Hannes Reinecke <hare@xxxxxxx> · Fri, 07 Jun 2013 08:42:52 +0200

On 06/07/2013 08:25 AM, Ren Mingxin wrote:
> Hi, Hannes:
> 
> On 06/07/2013 04:28 AM, Jörn Engel wrote:
>> On Thu, 6 June 2013 22:39:14 +0200, Hannes Reinecke wrote:
>>>>> +        spin_unlock_irqrestore(&sdev->list_lock, flags);
>>>>> +        SCSI_LOG_ERROR_RECOVERY(3,
>>>>> +            scmd_printk(KERN_INFO, scmd,
>>>>> +                    "aborting command %p\n", scmd));
>>>>> +        rtn = scsi_try_to_abort_cmd(shost->hostt, scmd);
>>>>> +        if (rtn == SUCCESS || rtn == FAST_IO_FAIL) {
>>>>> +            if (((scmd->request->cmd_flags&  REQ_FAILFAST_DEV) ||
>>>>
>>>> Am I being stupid again or should this be negated?
>>>>
>>> Knowing you I would think the former; where do you see the negation?
>>
>> If REQ_FAILFAST_DEV is set, this runs scsi_queue_insert(), which I
>> would expect it should run scsi_finish_command().
> 
> I also think (scmd->request->cmd_flags & REQ_FAILFAST_DEV) and
> (scmd->request->cmd_type == REQ_TYPE_BLOCK_PC) should be negated.
Bummer. You are correct.

So far I've only encountered the 'BLOCK_PC' condition, which worked.

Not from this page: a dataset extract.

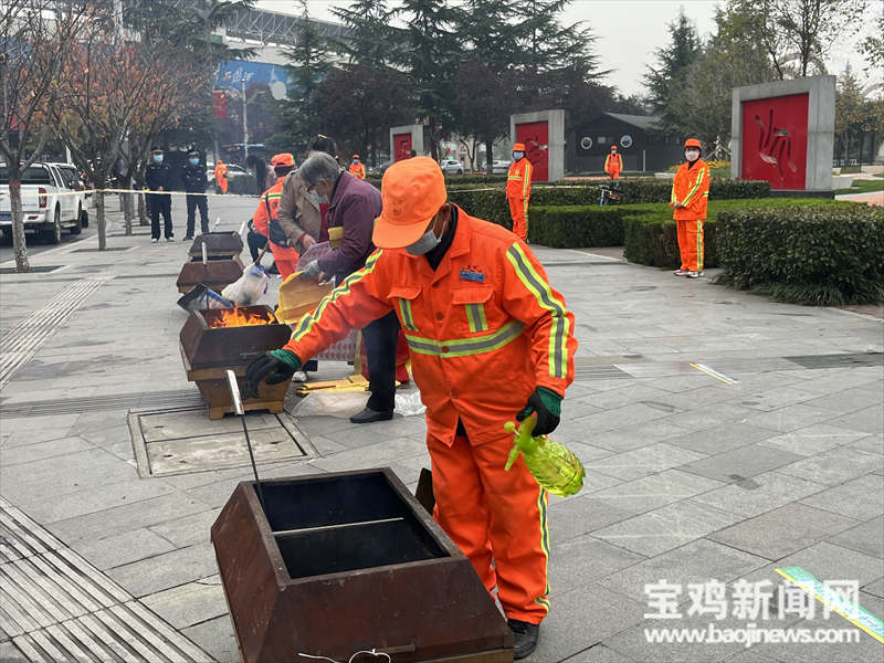 (宝鸡新闻网 罗君)10月25日,记者在石坝河体育场转盘东北角处的祭祀点位看到,原本普通的“一米线”被“一线多用”,变身成为“文明祭祀宣传线”和“垃圾分类宣传线”,前来祭祀的市民按照一米线要求,有序排队,文明祭祀。
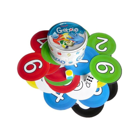 Korosztály: 6 - 10 év Grabolo társasjátékJátékosok száma: 3-5 játékos,Korosztály: 6 éves kortól ajánlott,Játékidő: kb. 8-10 perc.Figyelem, reflex, koncentráció, memória! Izgalmas új társasjáték! Bizonyítsd be, hogy az asz-talnál ülők közül neked van a legjobb szemed és a leggyorsabb kezed! A dobókockákkal dob-va kapott szín- és számkombinációkra a játékoso

> I'm confused why not use !scsi_noretry_cmd(scmd) directly as your
> former patch here?
> 
Hehe. I've fallen into the trap myself.
scsi_noretry_cmd() only works if you have a status for the command,
and will only evaluate REQ_FAILFAST_DEV or BLOCK_PC if the command
has a CHECK CONDITION status.
As this is the timeout handler we do _not_ have any status, so
scsi_noretry_cmd() will always tell us that the command should be
retried.

>>>>> +                 (scmd->request->cmd_type ==
>>>>> REQ_TYPE_BLOCK_PC))&&
>>>>> +                (++scmd->retries<= scmd->allowed)) {
>>>>> +                SCSI_LOG_ERROR_RECOVERY(3,
>>>>> +                    scmd_printk(KERN_WARNING, scmd,
>>>>> +                            "retry aborted command\n"));
>>>>> +
>>>>> +                scsi_queue_insert(scmd, SCSI_MLQUEUE_EH_RETRY);
>>>>> +            } else {
>>>>> +                SCSI_LOG_ERROR_RECOVERY(3,
>>>>> +                    scmd_printk(KERN_WARNING, scmd,
>>>>> +                            "fast fail aborted command\n"));
>>>>> +                scmd->result |= DID_TRANSPORT_FAILFAST<<  16;
>>>>> +                scsi_finish_command(scmd);
>>>>> +            }
>>>>> +        } else {
>>>>> +            if (!scsi_eh_scmd_add(scmd, 0)) {
>>>>> +                SCSI_LOG_ERROR_RECOVERY(3,
>>>>> +                    scmd_printk(KERN_WARNING, scmd,
>>>>> +                            "terminate aborted command\n"));
>>>>> +                scmd->result |= DID_TIME_OUT<<  16;
>>>>> +                scsi_finish_command(scmd);
>>>>> +            }
>>>>> +        }
>>>>> +        spin_lock_irqsave(&sdev->list_lock, flags);
>>>>> +    }
>>>>> +    spin_unlock_irqrestore(&sdev->list_lock, flags);
>> ...
>>>>> +/**
>>>>> + * scsi_abort_command - schedule a command abort
>>>>> + * @scmd:    scmd to abort.
>>>>> + *
>>>>> + * We only need to abort commands after a command timeout
>>>>> + */
>>>>> +void
>>>>> +scsi_abort_command(struct scsi_cmnd *scmd)
>>>>> +{
>>>>> +    unsigned long flags;
>>>>> +    int kick_worker = 0;
>>>>> +    struct scsi_device *sdev = scmd->device;
>>>>> +
>>>>> +    spin_lock_irqsave(&sdev->list_lock, flags);
>>>>> +    if (list_empty(&sdev->eh_abort_list))
>>>>> +        kick_worker = 1;
>>>>> +    list_add(&scmd->eh_entry,&sdev->eh_abort_list);
>>>>> +    SCSI_LOG_ERROR_RECOVERY(3,
>>>>> +        scmd_printk(KERN_INFO, scmd, "adding to
>>>>> eh_abort_list\n"));
>>>>> +    spin_unlock_irqrestore(&sdev->list_lock, flags);
>>>>> +    if (kick_worker)
>>>>> +        schedule_work(&sdev->abort_work);
>>>>> +}
>>>>> +EXPORT_SYMBOL_GPL(scsi_abort_command);
> 
> Should the name of function above be more ideographic/understandable?
> For example, scsi_abort_scmd_add? I was bewildered among functions
> named scsi_abort_eh_cmnd, scsi_eh_abort_cmds...
> 
scsi_abort_scmd_add()? That's even more confusing.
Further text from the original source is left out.